You are now familiar with the most important features of Parallel Hierarchies. But what do the other buttons do? Try it out for yourself or watch our in-depth video below.

In-Depth Video Tutorial

Use your own data

Import into experimental version

The quickest way to use your own data is to use the experimental version data import feature. First, visit the website and click the "Use your own Dataset" option.

  1. Click the "Choose File" button and pick the CSV file from your disk (make sure the data in your CSV file meets the requirements).
  2. In the "Aggregate Dimension" field, enter the exact name of the dimension that contains numerical values, which will be aggregated and represented by ribbon and category heights.
  3. The last step is to define the hierarchies in your data one-by-one. In the "Label" field, choose any string that will be the name of the hierarchical dimension.

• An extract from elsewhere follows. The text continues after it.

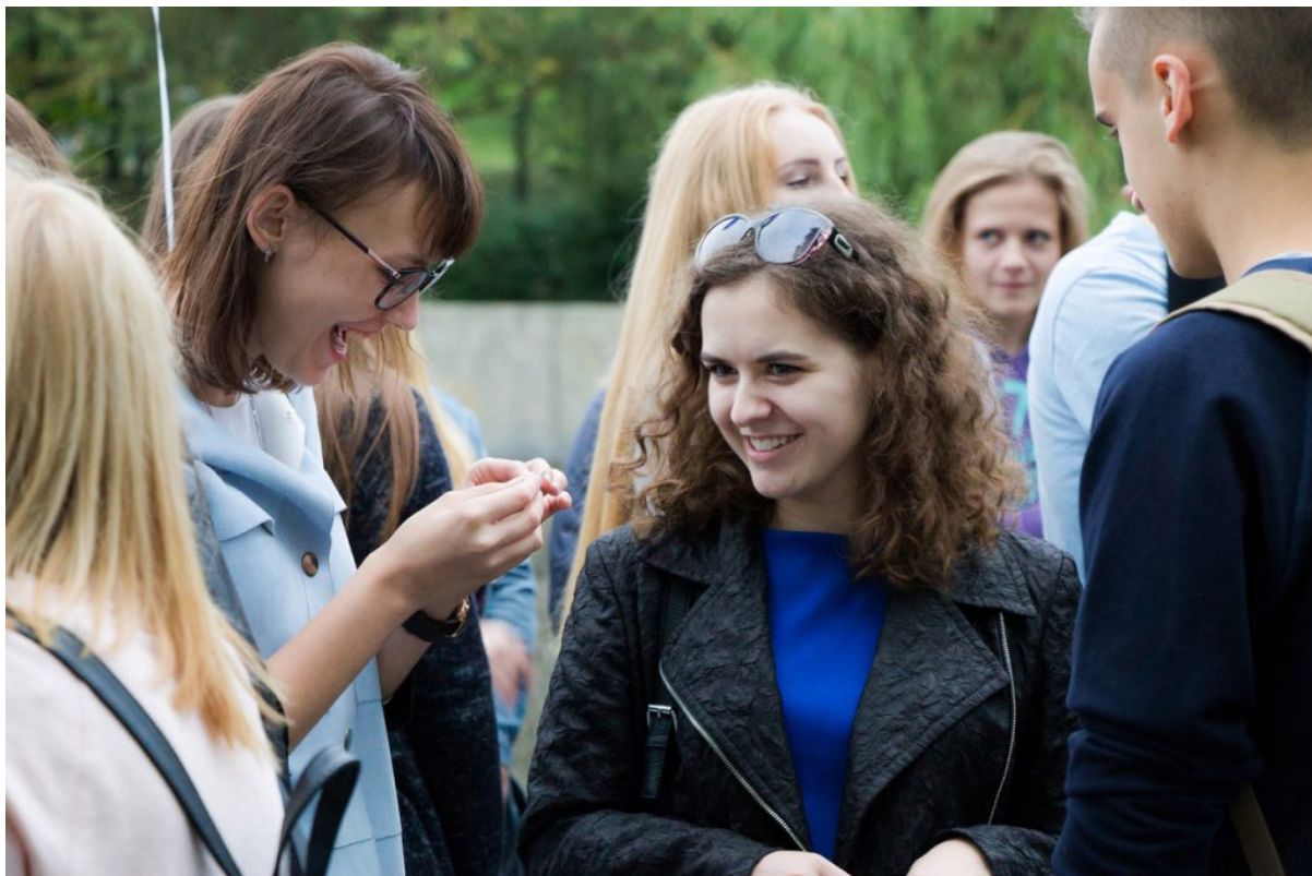
Fmk freshmen welcoming

Ура! Наконец-то пришла наш культорг Наташа. Общение с ней началось сразу- с помощью любимой кричалки ФМк. Слышно наших ребят было везде, ведь кричали все до одного – успевай только подхватывать!

Assuming your data is structured according to the requirements, enter the exact names of the dimensions making up a hierarchy, seperating each level by a comma.

    For example, if your hierarchy is "country" > "state" > "region" > "city" > "street", enter "country, state, region, city, street".

  4. Afterwards, click the "add" button to store the hierarchy.
  5. When you have stored all hierarchies in the list, click the "Start" button to launch the application with your own dataset.

Using your own schema

This assumes you have a CSV file with your items and a JSON file containting you schema in accordance with the requirements and a local clone of the github project ready to go.

  1. In the project directory, open src/app.js in a text editor or IDE.
  2. In the CONFIGURATIONS object, create a new property of type object with any name you like. This name will be used in the dropdown list when launching the application.
  3. Assign the schemaURI and itemsURI properties to it, so that your entry looks something like this:

    • 'myCustomDataset': {
      • schemaURI: './link/to/schema.json',
      • itemsURI: './link/to/items.csv'
    • }
  4. Optional: You may also assign the initialDimensions property to your object. This property takes an array of dimension names, which are displayed initially when your dataset is picked.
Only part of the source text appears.